Hello Forumites! Here we go again! I hope you all have been keeping well these past 10 months or so since we evaluated Bordeaux En Primeur 2023. Now it’s the turn of the 2024s.
Since then the wine world hasn’t got much easier, and the threat of tariffs put a temporary stop to transatlantic trading in the secondary market. The new release has just got more expensive for Dollar-denominated buyers, and the Bordelais are going to need to respond on multiple fronts to be relevant and engage potential buyers - both established and new.
Even before Dollar appreciation we heard stories that Chateau owners had reconciled to chopping prices by another quarter or so over and above the reductions in 2023 over 2022, in order to meet the market where it expects to do business. Will the US currency’s depreciation require further adjustments as the Euro strengthens?
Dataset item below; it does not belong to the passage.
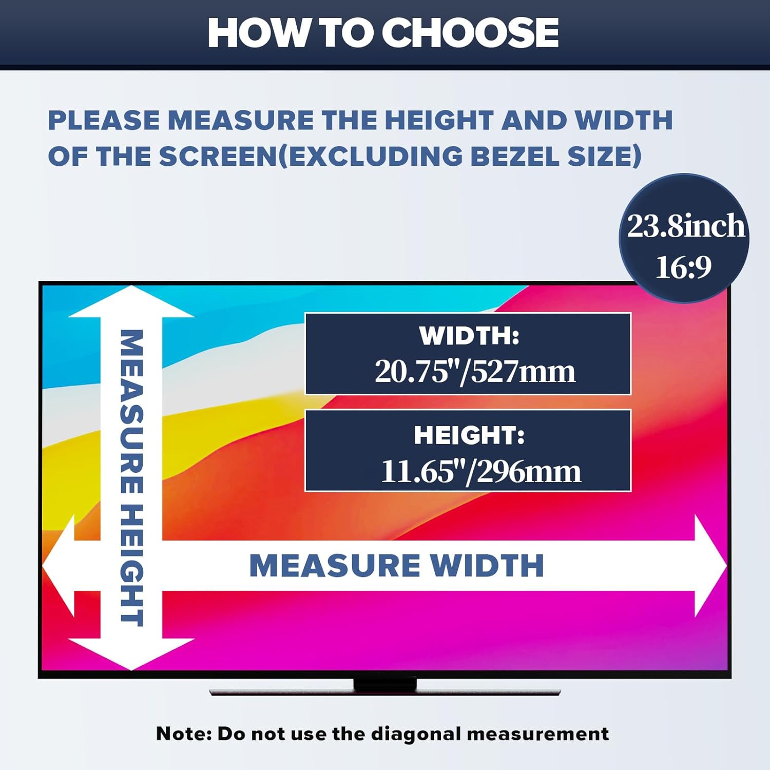 - Computer Screen Privacy Shield 23.8 Inch: This computer privacy screen is designed to fit 23.8 Inch computer Monitor - 16:9 aspect ratio, privacy screen for computer monitor 23.8 inch Width: 20.75" (527 mm), Height: 11.65" (296 mm), Diagonal: 23.8" (604.5 mm), perfectly compatible with HP, Samsung, Dell, Lenovo, Acer, ASUS, LG and other monitor brands. Please verify your computer screen's width and height size, not recommended to based only on the diagonal size

2024 is a cool, somewhat damp, earlier drinking vintage, one for those who appreciate a more restrained, temperate drink. So prices were set to fall anyway, whilst talk of volume reductions affecting the supply-demand curve for cooler vintages have always been a red herring. Yet despite this, these ‘off-vintages’ have sometimes proven to be a good opportunity to buy into well-priced First Growths and right bank equivalents. That is, if priced right.
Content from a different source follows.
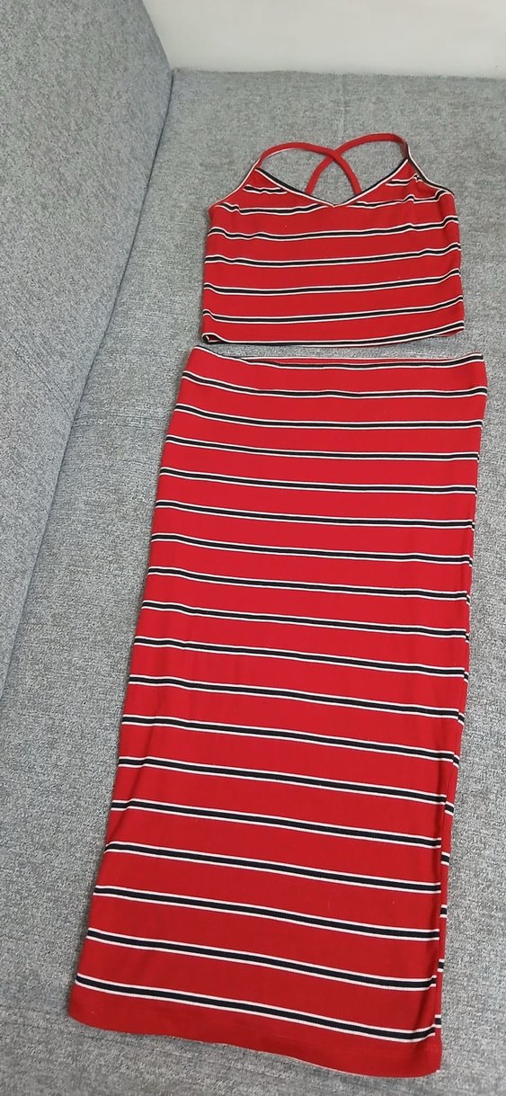 Kırmızı ve gri çizgili, uzun ve vücuda oturan kadın triko elbise. Kayık yaka ve kolsuz tasarıma sahip, yırtmaç detayı bulunur.
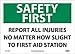 | Feature | Header "SAFETY FIRST" and legend "REPORT ALL INJURIES NO MATTER HOW SLIGHT TO FIRST AID STATION" |

Furthermore, according to Giles Cooper of Chelsea Vintners, the wine being made in Bordeaux in recent vintages is a significant improvement on past vintages, on the basis of which 2024 comprises world-class wines that have done a good job of surmounting the vagaries of the weather.
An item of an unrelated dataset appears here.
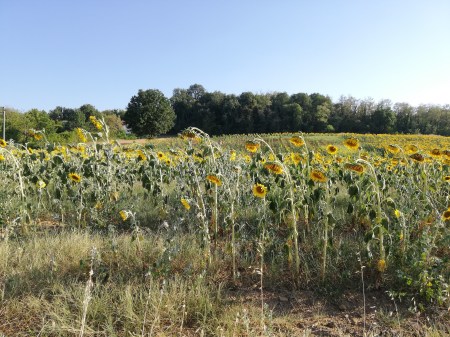 Tre settimane fa erano ancora verdi i girasoli di questo campo del Malpasso dove vado a scarpinare.

That as may be, it’s a harder sell than it might otherwise have been when buyers of fabulous 2016s and more recent vintages have seen many of their purchases flatline or lose value whilst storage charges mount up.
Before we get into it and start doing relative value analysis to spot the winners and losers, I should update everyone on quite a big change at my company Wine Owners. As we increasingly focused on software as a service (SaaS) platforms for the wine trade, the collection management and trading exchange, Wine Collector, became an increasingly less significant part of our business. At the same time the number of businesses using Wine Hub software as their system of record has mushroomed. With the focus firmly on business management software, it made sense to find a more suitable home for the consumer business.
Earlier this month we put Wine Collector live, following its acquisition last December by Nickolls & Perks, the oldest regional wine merchant in the UK (whose origins date back to the end of the 18th century). So this year I’ll be doing relative value analysis as a user of the platform rather than its owner! I expect the Nickolls & Perks team will help us out with their vintage thoughts.